JSON Extraction Safety
The _extract_generation_params() function applies defensive parsing:
- Regex finds the first
```json ```block (no arbitrary code execution) json.loads()parses the content (rejects non-JSON)- Type check:
isinstance(params, dict)(rejects arrays, primitives) - Schema check:
"channels" in params(rejects arbitrary JSON objects) - Returns
Noneon any failure (graceful degradation)
Input Boundaries
All numeric inputs are bounded by Pydantic validation before reaching NumPy:
- Array sizes are capped at 10,000 points
- Channel count is capped at 10
- Correlation values are bounded to [-1, 1]
- Amplitudes and frequencies must be non-negative
- Duration must be positive
No Persistent State in the Agent
The tsgen agent has no tools, no database access, and no file system access. It can only produce text. The conversation history is managed server-side and is scoped to the WebSocket session.

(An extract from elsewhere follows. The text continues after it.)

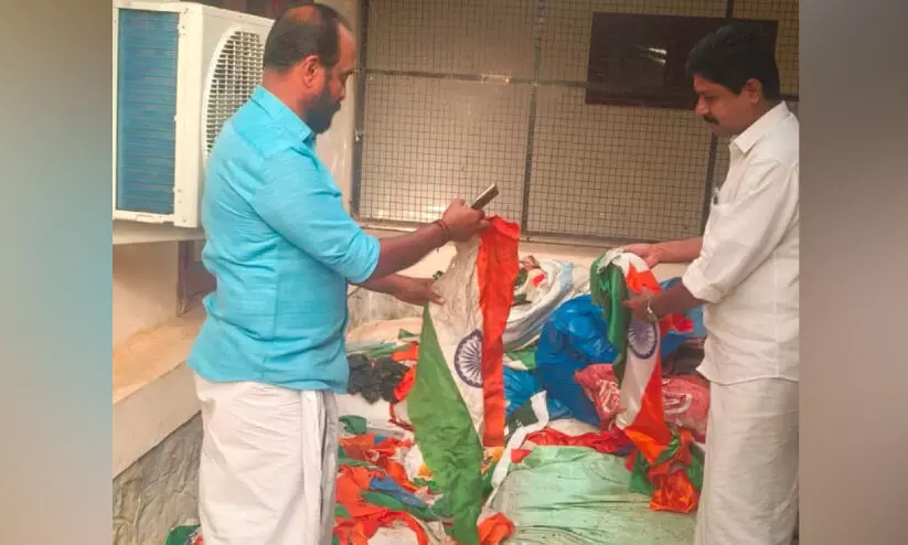 കലക്ടർ, വില്ലേജ് ഓഫിസർ എന്നിവർക്കും പരാതി നൽകി. പ്രധാനമന്ത്രിയുടെ ആഹ്വാനം അനുസരിച്ച് എല്ലാ വീട്ടിലും ഉയർത്താൻ സംസ്ഥാന സർക്കാർ മുൻ കൈയെടുത്ത് കുടുംബശ്രീ മുഖാന്തരം വിതരണം ചെയ്യാൻ എത്തിച്ച പതാകകളാണിത്. സംഭവത്തിൽ അന്വേഷണം നടത്തി കുറ്റക്കാർ ആരായാലും നടപടി സ്വീകരിക്കണമെന്ന് യു.ഡി.എഫ് കൺവീനർ അഡ്വ. അടൂർ പ്രകാശും ഡി.സി.സി പ്രസിഡന്റ് പ്രഫ. സതീഷ് കൊച്ചുപറമ്പിലും ആവശ്യപ്പെട്ടു.

Why Parameterized Generation, Not Code Generation
An alternative architecture would have the LLM generate Python code (e.g., NumPy scripts) that gets executed directly. Phoenix deliberately avoids this for several reasons:
| Concern | Parameterized (Phoenix) | Code Generation |
|---|---|---|
| Security | No code execution; bounded numeric inputs | Requires sandboxing, code review, or restricted execution environments |
| Validation | Full server-side validation of every parameter | Difficult to validate arbitrary code for correctness and safety |
| Reproducibility | Parameters stored in DB; identical regeneration | Code must be stored and re-executed; environment-dependent |
| User Control | Users see and can modify every parameter in the form | Users must understand generated code to modify it |
| Error Handling | Validation errors map to specific form fields | Runtime errors in generated code are opaque |
| Flexibility Tradeoff | Limited to the superposition model | Can express any computable time series |
The flexibility tradeoff is intentional. The superposition model (mean + trend + oscillations + noise) covers the vast majority of synthetic time series use cases in industrial settings. The nonlinear trend approximation technique (long-period oscillations) extends coverage to exponential, logarithmic, and sigmoid shapes without requiring arbitrary code.